Stored data entries:
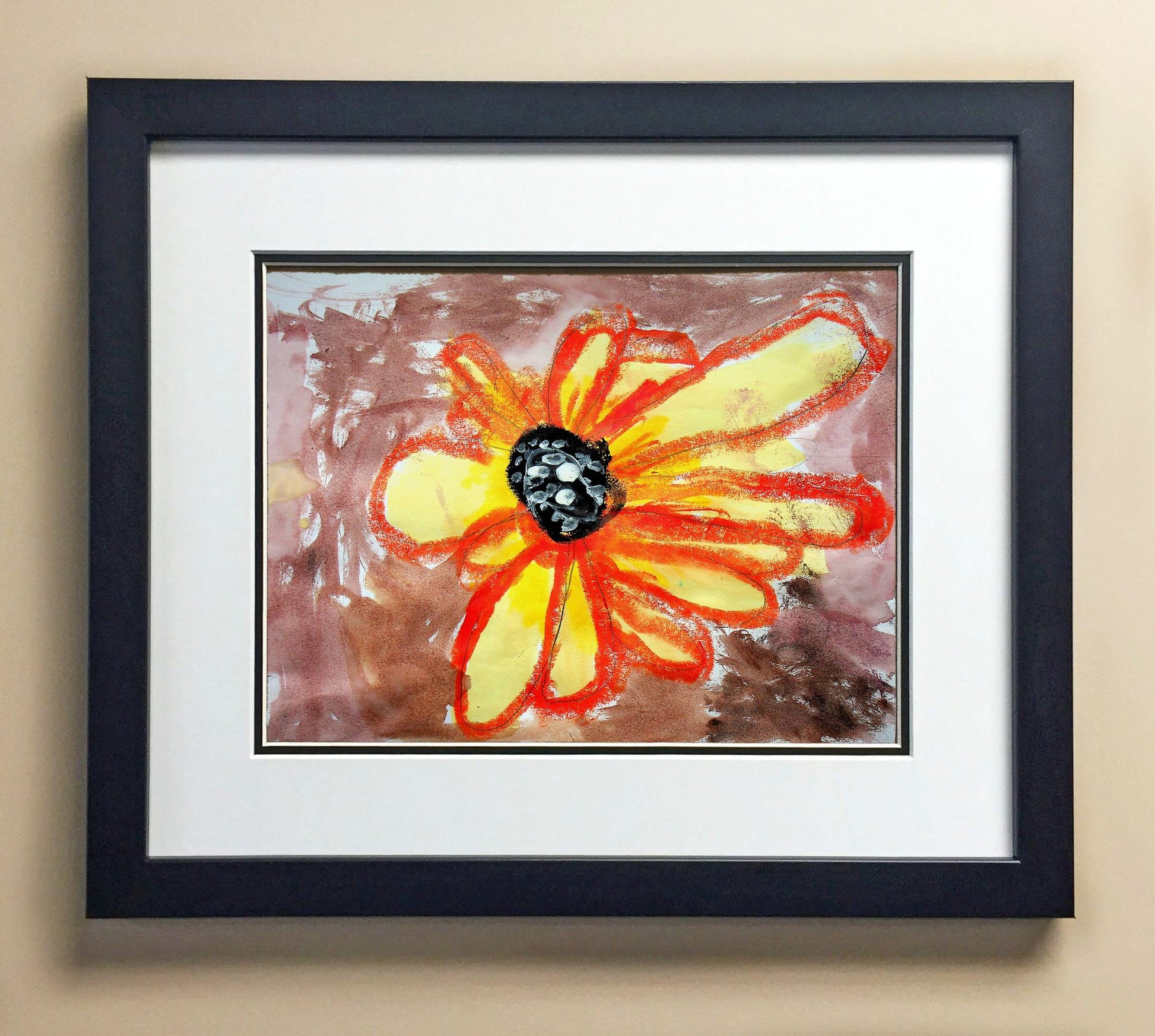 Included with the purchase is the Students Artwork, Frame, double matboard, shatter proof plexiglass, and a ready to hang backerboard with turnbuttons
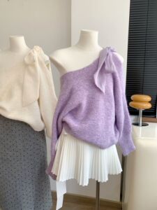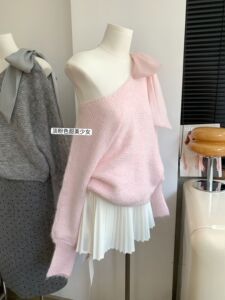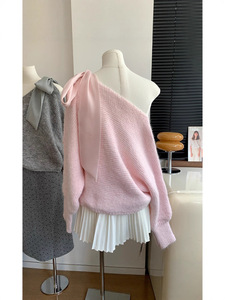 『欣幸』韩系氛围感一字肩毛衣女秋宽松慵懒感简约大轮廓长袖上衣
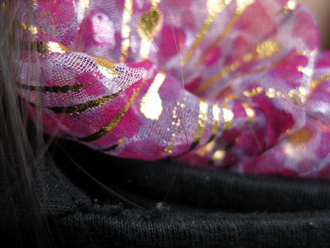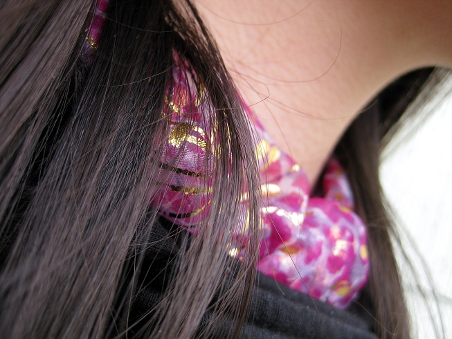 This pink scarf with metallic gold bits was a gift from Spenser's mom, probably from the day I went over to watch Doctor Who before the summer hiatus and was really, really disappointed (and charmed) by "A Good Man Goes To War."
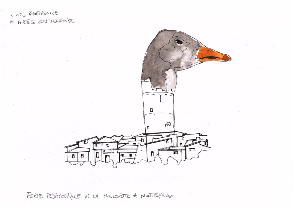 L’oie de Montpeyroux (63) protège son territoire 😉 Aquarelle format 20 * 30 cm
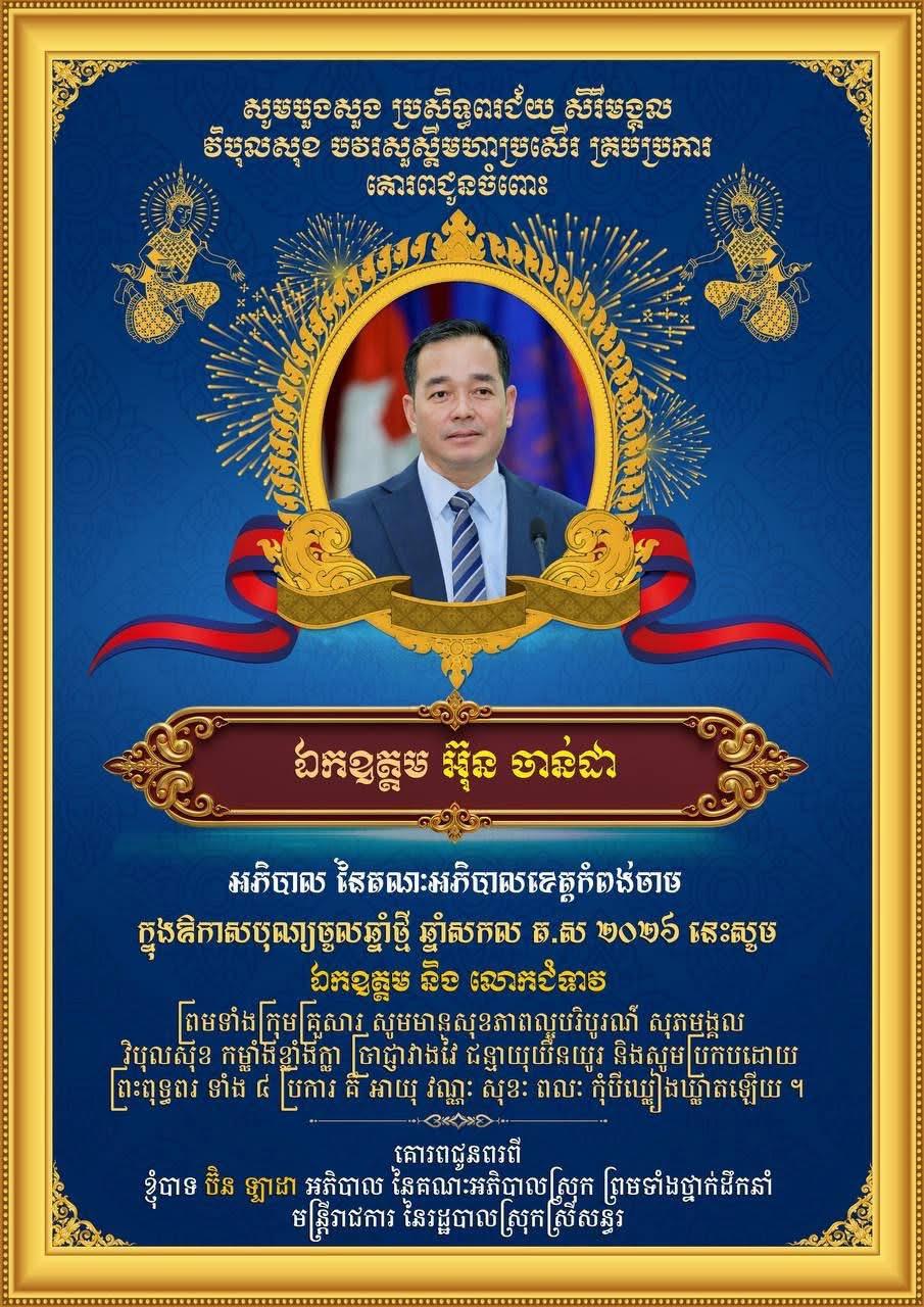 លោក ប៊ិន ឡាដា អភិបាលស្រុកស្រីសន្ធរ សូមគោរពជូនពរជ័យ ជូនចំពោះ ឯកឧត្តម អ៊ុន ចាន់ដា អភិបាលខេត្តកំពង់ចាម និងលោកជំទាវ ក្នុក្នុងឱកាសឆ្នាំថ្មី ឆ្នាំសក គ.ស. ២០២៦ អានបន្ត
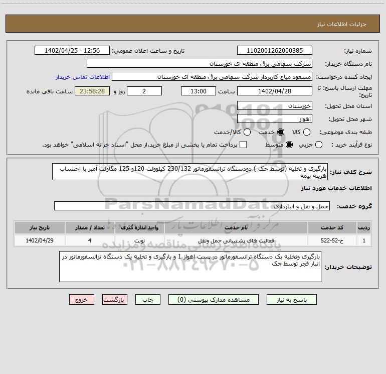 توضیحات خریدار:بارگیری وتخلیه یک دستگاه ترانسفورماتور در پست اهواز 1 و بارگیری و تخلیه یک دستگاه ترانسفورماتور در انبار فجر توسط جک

**ACTION ITEM**
Nothing but the pictures is to be left out; repeat the data exactly.

**TASK RESULT**
 Included with the purchase is the Students Artwork, Frame, double matboard, shatter proof plexiglass, and a ready to hang backerboard with turnbuttons
 『欣幸』韩系氛围感一字肩毛衣女秋宽松慵懒感简约大轮廓长袖上衣
 This pink scarf with metallic gold bits was a gift from Spenser's mom, probably from the day I went over to watch Doctor Who before the summer hiatus and was really, really disappointed (and charmed) by "A Good Man Goes To War."
 L’oie de Montpeyroux (63) protège son territoire 😉 Aquarelle format 20 * 30 cm
 លោក ប៊ិន ឡាដា អភិបាលស្រុកស្រីសន្ធរ សូមគោរពជូនពរជ័យ ជូនចំពោះ ឯកឧត្តម អ៊ុន ចាន់ដា អភិបាលខេត្តកំពង់ចាម និងលោកជំទាវ ក្នុក្នុងឱកាសឆ្នាំថ្មី ឆ្នាំសក គ.ស. ២០២៦ អានបន្ត
 توضیحات خریدار:بارگیری وتخلیه یک دستگاه ترانسفورماتور در پست اهواز 1 و بارگیری و تخلیه یک دستگاه ترانسفورماتور در انبار فجر توسط جک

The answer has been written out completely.